Single photons can only have S=1. Elliptically polarized BEAMS must consist of superposition of many photons (I assume at least two).

This is a textbook answer. But I would not be surprised if there are some caveats

No, the spin of a photon is always equal to 1 in units of Planck's constant.

Elliptic polarization simply means that the intensities of the two polarization states aren't equal, it doesn't mean that there aren't exactly two states.

There aren't any caveats and it's not necessary to have a beam. A single photon can have unequal probabilities for being in one of the two states of polarization.
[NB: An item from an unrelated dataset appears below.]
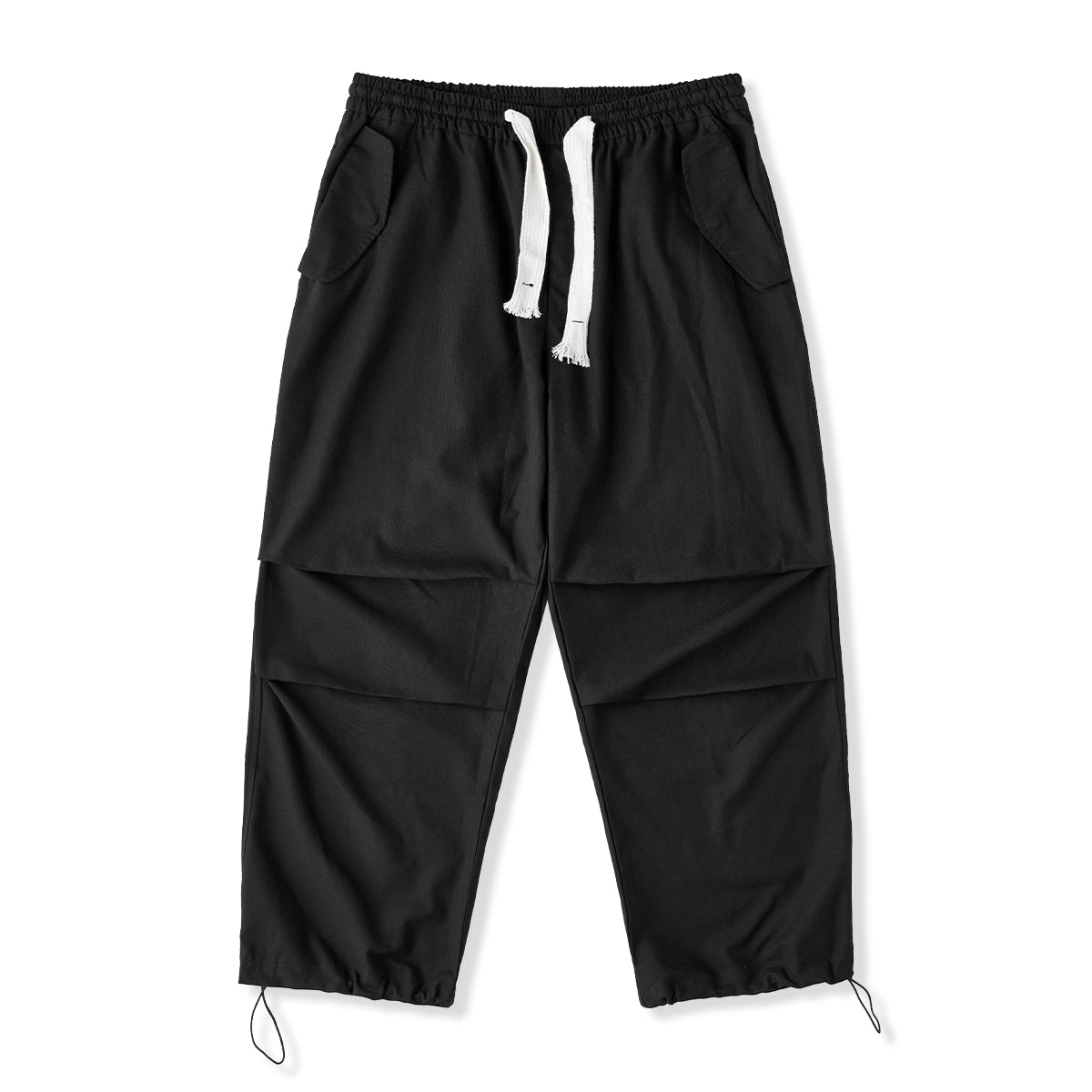 린넨 혼방 무릎 턱 디테일 패러슈트 와이드 이지 팬츠

It is easy to show that a circularly polarized photon carries ħ of angular momentum with a specific rotational direction (right or left-handed). However, what about linearly or elliptically polarized light? I will attempt to show that even linearly polarized photons must carry ħ angular momentum with a specific rotational direction (either right or left-handed). We will do a thought experiment. Suppose we imagine a carbon monoxide molecule (CO) isolated in the vacuum with no external forces acting on it. The CO molecule is a simple diatomic molecule with charge separation. One atom has positive charge and the other atom has negative charge. This gives the CO molecule an infrared spectrum which is easy to interpret. The molecule can vibrate and rotate. When it rotates, its rotation is quantized. The first allowed rotational frequency is 115 GHz and this corresponds exactly to ħ angular momentum. The second allowed rotational frequency is 230 GHz, and this corresponds to 2ħ quantized angular momentum. Much higher quantized harmonics of this fundamental rotational frequency are also observed corresponding to larger multiples of ħ.

Suppose a CO molecule is rotating with 2ħ angular momentum. Its rotational axis is designated the Z axis and the rotational direction is right-handed in the positive Z direction. If it emits a photon in the positive Z direction, that photon will be right-handed circularly polarized. The CO molecule loses ħ of right-handed polarized angular momentum and the rotational rate drops from 230 GHz to 115 GHz. There is conservation of angular momentum.

Now we will repeat the experiment but the CO molecule with 2ħ angular momentum emits a photon perpendicular to the rotational axis (in the X-Y plane). The CO molecule again loses ħ of right-handed angular momentum, but this time the emitted photon must be linearly polarized in the X-Y plane. A rotating electrical dipole has a specific emission pattern. A rotating dipole must emit circularly polarized photons in the polar direction and linearly polarized photons in the equatorial plane. Elliptical polarized photons are emitted in other directions.

Now we have a problem because the CO molecule must lose ħ of right-handed angular momentum, but the linearly polarized photon does not appear to be carrying any specific rotational direction of angular momentum. However, the linearly polarized photon is carrying ħ of right-handed orbital angular momentum. Orbital angular momentum is present when the wavefront is not perpendicular to the propagation direction.

We can check this by continuing the thought experiment. Suppose there is a mirror which reflects the linearly polarized photon back to the same CO molecule. If the molecule absorbs the photon again, the rotation must increase from 115 GHz to 230 GHz, with the same rotational direction. This is a requirement to conserve angular momentum. Therefore, the linearly polarized photon must impart angular momentum with the correct rotation direction.

A previous answer to this question said, “a single (elliptically polarized) photon can have unequal probabilities for being in one of the two states of polarization.” This is wrong. There must be conservation of angular momentum. Orbital angular momentum solves this problem.